A YouGov survey of 1,500 adults for Forbes Advisor found that only 56 percent of Americans who work full time received a pay increase in the past year, which exposes many employers to the dangers of losing their staff to higher paying jobs.

The survey found that those reporting receiving a raise last year:

  • Making under $50K: 46 percent
  • Making $50 to $150K: 58 percent
  • Making over $150K: 67 percent

The survey also found that most of those receiving raises, got a bump of 5 percent or less, well below the current 8 percent inflation:

  • 1 to 2 percent raise: 29 percent
  • 3 to 5 percent raise: 35 percent
  • 6 to 10 percent raise: 15 percent
  • More than 10 percent raise: 14 percent

Bureau of Labor Statistics show that while salaries increased 5 percent and benefits increased 4.1 percent for the 12-month period ending March 2022, private sector wages adjusted for inflation declined over that period with wages down 3.3 percent and benefits down 4 percent.

Small Businesses Must Reconsider Pay Strategies

Traditionally small business owners focus more on the supply and demand of labor when it comes to compensation vs. inflation.

“Most employers focus on the cost of labor, rather than the cost of living when determining pay strategies,” Lauren Mason, senior principal at Mercer asset management firm told Employee Benefits News. “That’s why we often see a big discrepancy between the cost of living and cost of labor.
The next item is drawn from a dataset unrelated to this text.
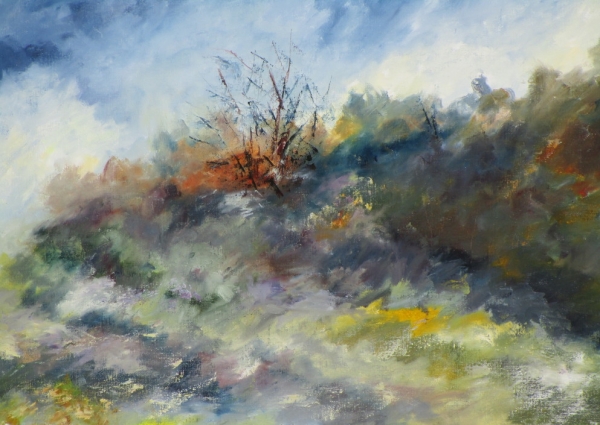 "Matin Frais", peinture, (dim.116x89cm). Huile sur toile, brosse, couteau. Paysage. Œuvre de Michel SKUPIEN, artiste-peintre, Lauréat du Palmarès. Trophée Européen des Arts et Styles 2024.

It’s very much driven by the local supply and demand of the labor market.”

A Mercer survey says employers need to be prepared to meet worker demands for inflation-adjusted salaries with benefits with 43 percent of employees reporting they want action taken.

“While employers tend to decide salaries based on what’s considered competitive in their labor market, inflation combined with talent shortages may force employers to reconsider their pay strategies,” writes Cuadra.
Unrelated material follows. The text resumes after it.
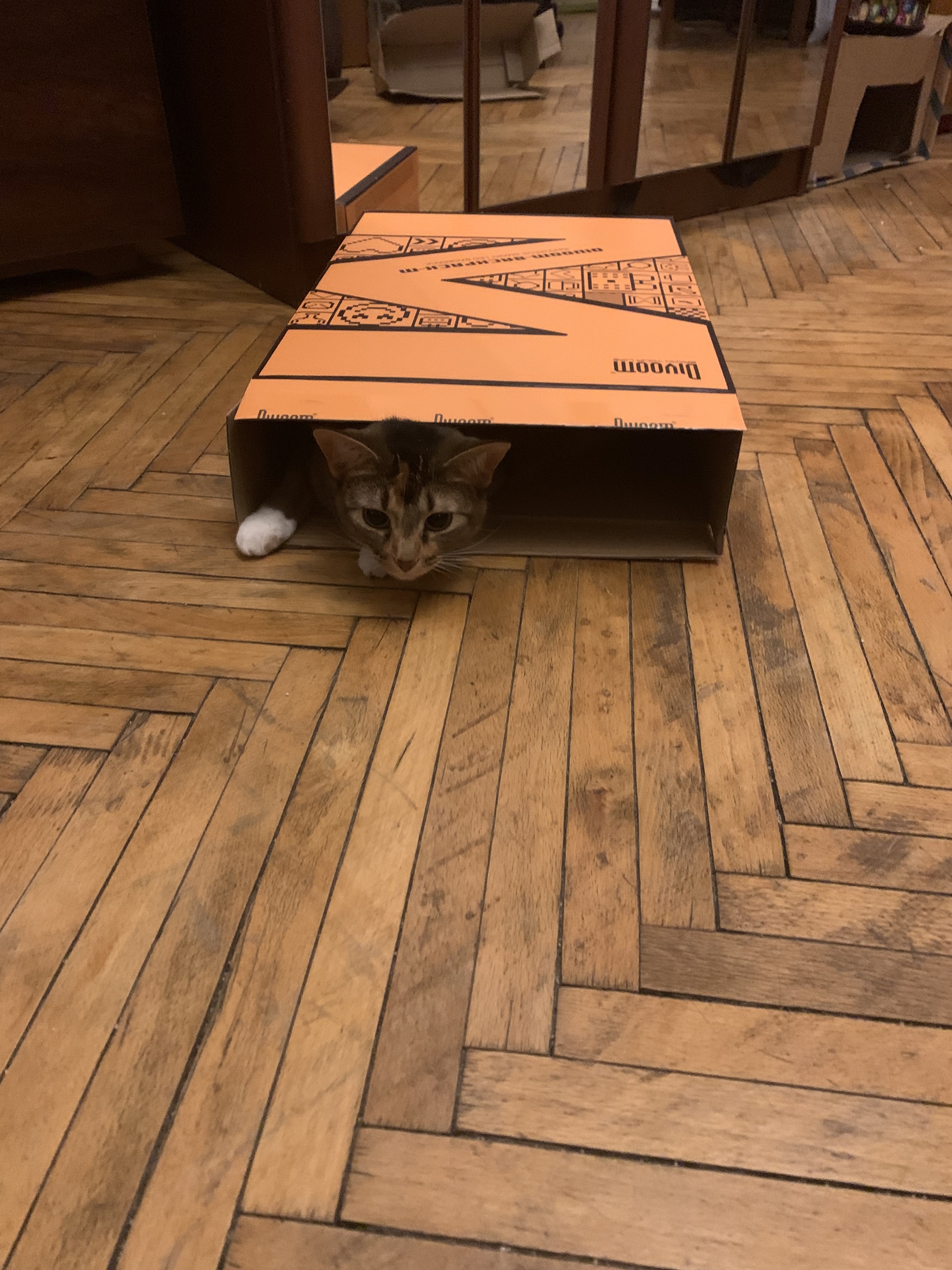 Ну и традиционно - вот вам кошка-объебошка в новой коробке. На заднем плане две забытые старые)

One strategy, according to the Mercer survey, is that almost half of organizations said they are conducting additional salary reviews for all or some employees as a response to inflation.

“Employers, if they’re smart, are going to pay attention to inflation because it matters to employees,” Lori Wisper, managing director at insurance company Willis Towers Watson told Employee Benefits News. “I do anticipate in 2022 that if we continue with worker shortages, employers will have to raise pay.”

Small businesses need to be transparent about how wages and benefits are determined, so their employees understand the rationale behind their paychecks.

Benefits and work culture should not be overlooked as important factors to help attract and retain top talent.

“Look at the affordability of your benefits and how it’s impacting their take-home pay,” Mason said. “Look at the broader work environment to see if there are high levels of burnout and what’s driving it.”

Ultimately, employers may have their hands forced by employee demands for greater compensation with a survey of 5,000 U.S. workers conducted earlier this year by Grant Thornton LLP, finding:

  • 40 percent expect pay increases of greater than 6 percent this year.
  • 31 percent expect more than 8 percent.
  • 21 percent anticipate receiving more than 10 percent.

"American workers have found their voice during the pandemic, and they are perhaps keener than ever to ask for what they want—or find it elsewhere," said Tim Glowa of Grant Thornton.